# Sanremo



## ohiotoitaly (Jan 22, 2016)

Hello everyone! My family will be moving to Sanremo this summer. I am having a hard time finding rentals that are NOT vacation rentals. Any sites that you recommend? 
Any advice on traveling with 2 medium-size dogs?
Is there a train that I could take daily to commute to Monaco? Cost? Can you buy a pass?

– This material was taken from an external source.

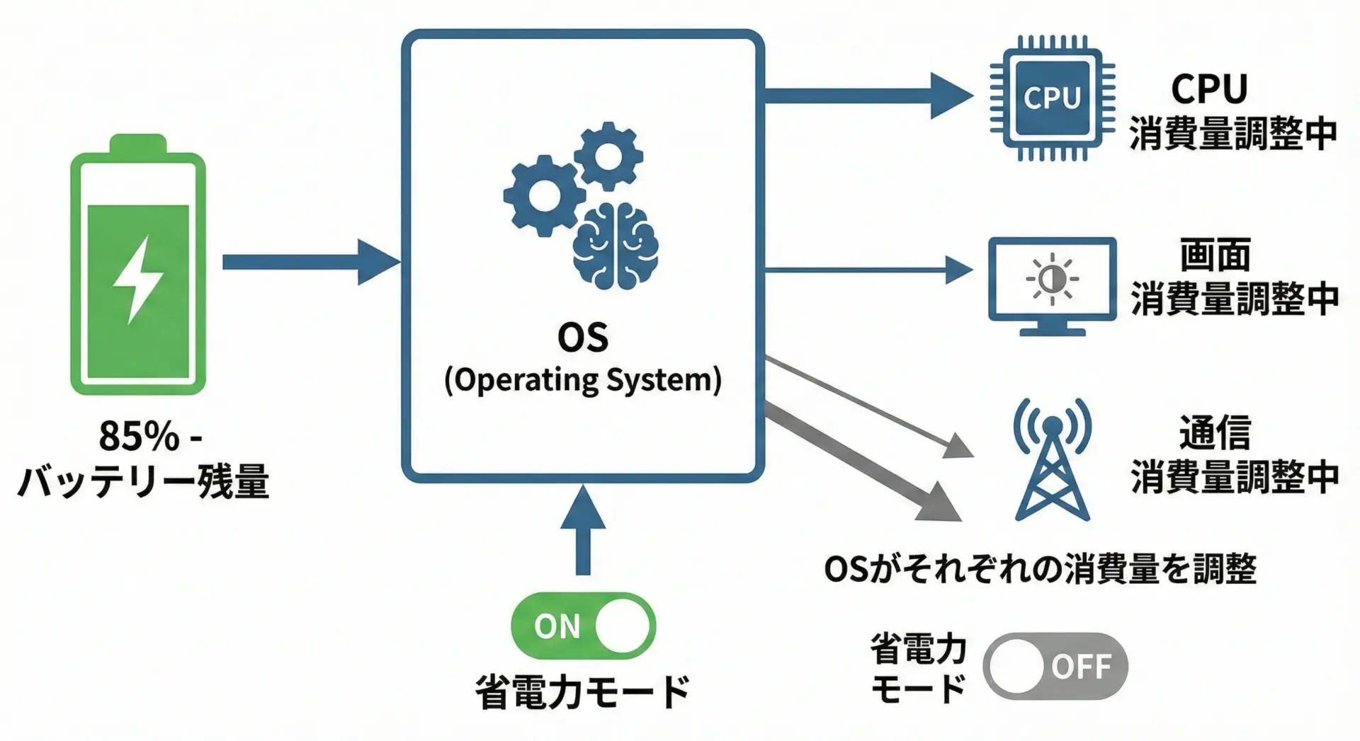 スマホやノートPCで、画面が自動で暗くなったり、使っていないアプリが勝手に停止したりするのは、OSがバッテリー消費を抑えるように調整しているからです。

Thanks for any and all help! Ciao!


----------



## Newstart2016 (Jan 20, 2016)

Whow !!! Sounds like quite an adventure ....
good luck and good fortune


----------



## pudd 2 (Dec 10, 2008)

ohiotoitaly said:


> Hello everyone! My family will be moving to Sanremo this summer. I am having a hard time finding rentals that are NOT vacation rentals. Any sites that you recommend?
> Any advice on traveling with 2 medium-size dogs?
> Is there a train that I could take daily to commute to Monaco? Cost? Can you buy a pass?
> 
> Thanks for any and all help! Ciao!


hi il google where sanremo is and try and put you intuch with sobody who can help you in that area


----------



## accbgb (Sep 23, 2009)

ohiotoitaly said:


> Hello everyone! My family will be moving to Sanremo this summer. I am having a hard time finding rentals that are NOT vacation rentals. Any sites that you recommend?
> Any advice on traveling with 2 medium-size dogs?
> Is there a train that I could take daily to commute to Monaco? Cost? Can you buy a pass?
> 
> Thanks for any and all help! Ciao!


There are a few apartments listed here: Affitto case Sanremo, affitto appartamenti, ville | Solo Affitti

As for trains, go to https://www.italiarail.com/ and enter "San Remo" as one station and "Monaco - Monte Carlo" as the other. I see only three trips per day with times that are probably not suited for commuting.

Another option is to take Trenitalia - Homepage English - Trenitalia from San Remo to Ventimiglia and then an SNCF (French) train https://www.raileurope.com/en/index.html from Ventimiglia to Monaco. You will have many more times available and lower cost, but you will have to switch trains in Ventimiglia.


----------